You've lost me there. In the serps, the 'printed' URL is the same as the URL that the Title links to, except when Google is updating something, when they use internal URLs instead. Have I misunderstood what you said?

No I misspoke.. not enough caffiene I guess..

My only relevancy to the 80s and now is that I do understand very well how datamining robots work.

As you say the googlebot follows links and there are no links to log files..

However I think they have other methods and then there is the Google Sitemaps implementation which welcomes them into your access logs.

Access logs

Locate the following section:

<!-- ** MODIFY or DELETE **
"accesslog" nodes tell the script to scan Apache-style webserver
log files to extract URLs on your site.

Required attributes:
path - path to the file

Optional attributes:
encoding - encoding of the file if not US-ASCII
-->
<accesslog
path="/etc/httpd/logs/access.log" encoding="UTF-8" />
<accesslog
path="/etc/httpd/logs/access.log.0" encoding="UTF-8" />
<accesslog
path="/etc/httpd/logs/access.log.1.gz" encoding="UTF-8" />

This section gives three examples. You should replaces these entries and include an entry for each log file. Ensure that path is the complete path and filename on your web server. If the log files are not encoded as US-ASCII or UTF-8, then use the optional encoding attribute to specify the encoding.

The Sitemap Generator assigns priority to URLs it finds in the logs based on how often each URL is accessed. For instance, a URL that has been accessed 100 times will be given a higher priority than a URL that has been accessed twice. The actual priority assignment is relative and depends on each URL as compared to other URLs in the site.


Can't imagine what else they might be able to determine using this method.

But now we are getting way off the topic..

I get out of Googles Sandbox by logging out of my adwords client center :cool:

Peace

AussieWebmaster
07-08-2005, 11:22 AM
I get out of Googles Sandbox by logging out of my adwords client center :cool:

Peace
There must be some oblique jest in there but I just don't see it.... maybe I have not had enough caffeine yet.

SEO1
07-08-2005, 11:30 AM
Hi Aussie

The Google Sandbox is a tool in Googles Adwords proegram.

So to get out of the sandbox I log out.

It's the only google sandbox I have seen.


Clint

PhilC
07-08-2005, 11:32 AM
Hi Clint,

The only method that I know of, or can even conceive of, where Google can get to the logfiles is their Sitemaps system, as you said. But that's only a few weeks old, and, of the comparitively tiny number of websites that are using it, only some of them provide the logfile urls, so traffic evaluation from that source could be a possible (but unlikely, imo) future ranking consideration, but it can't be one yet.

And you are right - we've detracted from the topic for too long so...

Sandbox? What sandbox? ;)

SEO1
07-08-2005, 11:43 AM
Phil

Well I see we are on the same page about the damn catbox.....

Aussie - I didn't see that you were in charge of Adwords ... disregard my last post...

I'm Done

Clint

PhilC
07-08-2005, 11:53 AM
er...sorry....just one last little bit...

Google's Sitemaps doesn't give Google the logfile urls - does it? The only thing that sees them is the script that is run on the indivdual website.
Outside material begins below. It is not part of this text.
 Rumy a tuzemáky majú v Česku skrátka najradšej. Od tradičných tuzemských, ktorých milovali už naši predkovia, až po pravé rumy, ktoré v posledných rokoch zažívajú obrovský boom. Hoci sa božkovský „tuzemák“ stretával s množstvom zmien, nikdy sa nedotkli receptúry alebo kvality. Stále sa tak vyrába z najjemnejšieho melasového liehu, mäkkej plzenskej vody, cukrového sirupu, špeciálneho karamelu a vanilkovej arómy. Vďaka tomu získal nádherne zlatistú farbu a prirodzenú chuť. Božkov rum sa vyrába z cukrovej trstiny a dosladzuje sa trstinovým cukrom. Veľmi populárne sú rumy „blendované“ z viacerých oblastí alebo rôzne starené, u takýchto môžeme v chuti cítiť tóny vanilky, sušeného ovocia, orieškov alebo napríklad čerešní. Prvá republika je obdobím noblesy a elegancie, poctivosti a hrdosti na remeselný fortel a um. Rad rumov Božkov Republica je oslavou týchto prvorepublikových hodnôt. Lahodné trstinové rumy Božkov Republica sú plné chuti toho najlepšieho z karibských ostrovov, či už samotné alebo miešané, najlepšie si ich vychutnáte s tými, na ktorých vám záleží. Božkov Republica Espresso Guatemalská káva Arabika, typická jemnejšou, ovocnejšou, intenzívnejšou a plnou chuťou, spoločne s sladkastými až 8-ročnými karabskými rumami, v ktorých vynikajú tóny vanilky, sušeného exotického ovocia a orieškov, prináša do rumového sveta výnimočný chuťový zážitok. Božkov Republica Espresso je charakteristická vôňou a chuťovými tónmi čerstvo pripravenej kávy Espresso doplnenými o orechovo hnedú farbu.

I don't know about prioritising urls because of their counts in the logfiles, because I haven't used the system yet, but it would be a long time before such data could realistically be used as a ranking factor.

I'm done too.

AussieWebmaster
07-08-2005, 01:19 PM
Phil

Well I see we are on the same page about the damn catbox.....
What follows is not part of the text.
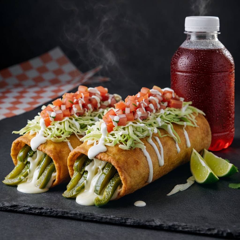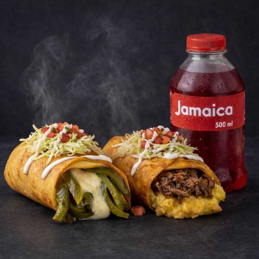 Dos deliciosas chimichangas crujientes de rajas con queso derretido, acompañadas de refrescante jamaica natural de 500 ml 😋. Preparadas al momento con sabor casero que te encantará.

Aussie - I didn't see that you were in charge of Adwords ... disregard my last post...

I'm Done

Clint
Hey don't leave... you are offering alternate viewpoints... theoretically they may not be supported by known info... but that does not mean they could not be right... the algorithm has many elements that the public is not privy to, maybe you have one that needs testing.

AussieWebmaster
07-08-2005, 01:23 PM
Hi Aussie

The Google Sandbox is a tool in Googles Adwords proegram.

So to get out of the sandbox I log out.

It's the only google sandbox I have seen.


Clint Okay... thought that was the reference, just wanted to make sure.... clever way of negating the belief in the other sandbox!